* _ACTIVITY_: In the records below, find the line with "OPEN FIREPLACE WITH", then retype it and every following line exactly, stopping after the line with "공개된 사진 속 장원영은". Leave the pictures out.
(Beginning of RECORDS TO PROCESS)
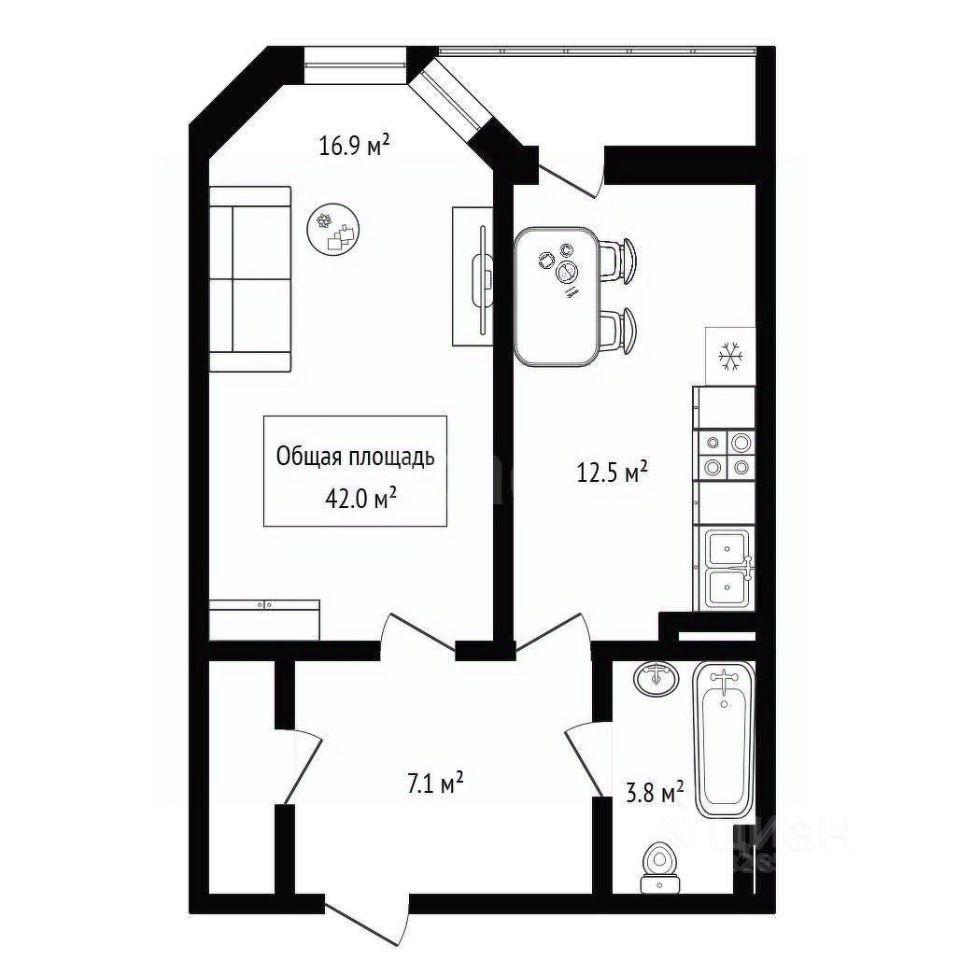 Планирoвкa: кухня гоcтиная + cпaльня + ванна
(End of RECORDS TO PROCESS)
(Beginning of RECORDS TO PROCESS)
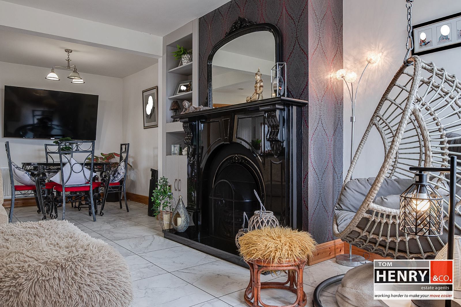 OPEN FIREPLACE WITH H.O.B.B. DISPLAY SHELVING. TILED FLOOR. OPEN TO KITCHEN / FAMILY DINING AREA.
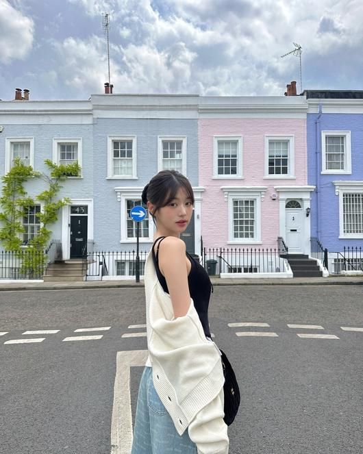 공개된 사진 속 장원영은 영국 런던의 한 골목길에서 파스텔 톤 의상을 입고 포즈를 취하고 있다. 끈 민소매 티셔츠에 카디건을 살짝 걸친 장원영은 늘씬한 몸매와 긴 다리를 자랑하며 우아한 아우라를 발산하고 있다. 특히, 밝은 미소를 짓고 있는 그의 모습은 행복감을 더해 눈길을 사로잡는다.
(End of RECORDS TO PROCESS)
* _EXERCISE SOLUTION_:
 OPEN FIREPLACE WITH H.O.B.B. DISPLAY SHELVING. TILED FLOOR. OPEN TO KITCHEN / FAMILY DINING AREA.
 공개된 사진 속 장원영은 영국 런던의 한 골목길에서 파스텔 톤 의상을 입고 포즈를 취하고 있다. 끈 민소매 티셔츠에 카디건을 살짝 걸친 장원영은 늘씬한 몸매와 긴 다리를 자랑하며 우아한 아우라를 발산하고 있다. 특히, 밝은 미소를 짓고 있는 그의 모습은 행복감을 더해 눈길을 사로잡는다.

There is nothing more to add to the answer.